This formula computes the probability that a data point \( x_i \) belongs to the k-th component, given the current estimates of the model parameters.
2. Maximization Step (M-Step): Update the parameters \( \pi_k, \mu_k \), and \( \Sigma_k \) to maximize the likelihood function based on the posterior probabilities:
The likelihood function for the mixture model is:
\( L(\vartheta; x) = \prod_{i=1}^{n} \left[ \sum_{k=1}^{K} \pi_k f(x_i |\theta_k) \right] \quad (6) \)
The complete-data log-likelihood function, which incorporates the missing group labels, is given by:
\( Q(\pi_k, \mu_k, \Sigma_k) = \sum_{k=1}^{K} n_k \log \pi_k – \frac{np}{2} \log 2\pi – \sum_{k=1}^{K} \frac{n_k}{2} \log |\Sigma_k| – \sum_{k=1}^{K} \frac{n_k}{2} \text{tr}\{ T_k S_k T_k^T \Sigma_k^{-1} \} \quad (7) \)
This function measures how well the parameters fit the data, incorporating the expected values of the missing data labels.
3. Parameter Update: Maximizing \( Q \) with respect to \( \pi_k \) and \( \mu_k \) gives:
\( \mu_k = \frac{\sum_{i=1}^{n} \gamma_{ik}}{\sum_{i=1}^{n} \gamma_{ik}} \quad (8) \)
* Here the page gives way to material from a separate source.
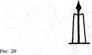 Священный объект – бенбен – был установлен в Хет-бенбен, или Доме Бенбена. Иероглиф, использовавшийся для написания названия храма, указывает на то, что он был похож на огромные фермы стартовой площадки с установленной в них ракетой (рис. 28).
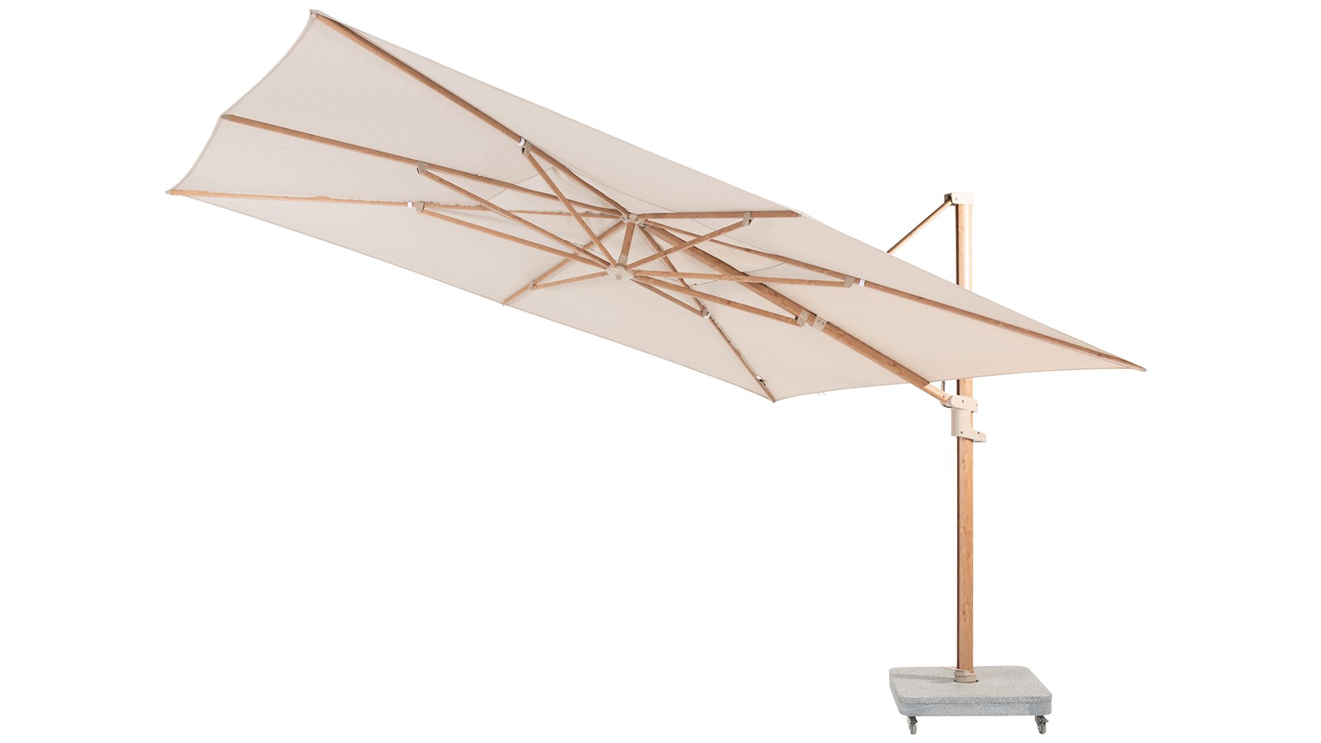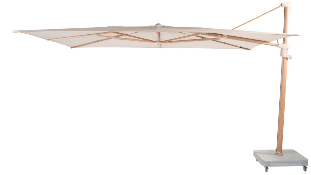 Der 4Seasons-Hängearmschirm ist inzwischen ein echter Klassiker. Dieser Schwebeschirm hat seine Qualität bereits bewiesen. Der Schirm ist nach hinten kippbar, um die tief stehende Sonne abzufangen. Der Schirm ist auch auf dem Sockel drehbar. Weitere Informationen finden Sie im Video. Standardmäßig 5 Jahre Garantie.

This equation updates the mean vector \( \mu_k \) of the k-th component based on the posterior probabilities.
Comparative Analysis
In the comparative analysis, we evaluate the performance of three clustering techniques: K-Means, Hierarchical Clustering, and Gaussian Mixture Models (GMM). Each method is assessed based on several criteria, including clustering effectiveness, computational efficiency, and the ability to handle different data distributions.
Clustering Effectiveness: To compare the effectiveness of each clustering algorithm, we utilize several evaluation metrics. The Silhouette Score measures how similar an object is to its own cluster compared to other clusters, providing insight into the quality of clustering. Additionally, the Within-Cluster Sum of Squares (WCSS) is used for K-Means to evaluate the compactness of clusters.
Computational Efficiency: The computational efficiency of each algorithm is analyzed based on execution time and resource utilization. K-Means, known for its speed and scalability, is contrasted with Hierarchical Clustering, which can be computationally intensive, especially with large datasets. GMM’s performance is assessed with respect to the Expectation-Maximization (EM) algorithm’s convergence rate and computational cost.
Handling of Data Distributions: Each clustering method’s ability to manage different data distributions is evaluated. K-Means assumes spherical clusters and may struggle with non-spherical or overlapping clusters. Hierarchical Clustering is assessed for its flexibility in capturing hierarchical relationships among data points. GMM, with its probabilistic approach, is tested for its effectiveness in modeling clusters with different shapes and densities.
Validation Methods: Cross-validation techniques are employed to ensure robust evaluation. Internal validation methods such as the aforementioned Silhouette Score and Within-Cluster Sum of Squares (WCSS) provide insight into the clustering results without requiring external data. For external validation, if ground truth labels are available, metrics like Adjusted Rand Index (ARI) and Normalized Mutual Information (NMI) are used to compare clustering results against known classifications.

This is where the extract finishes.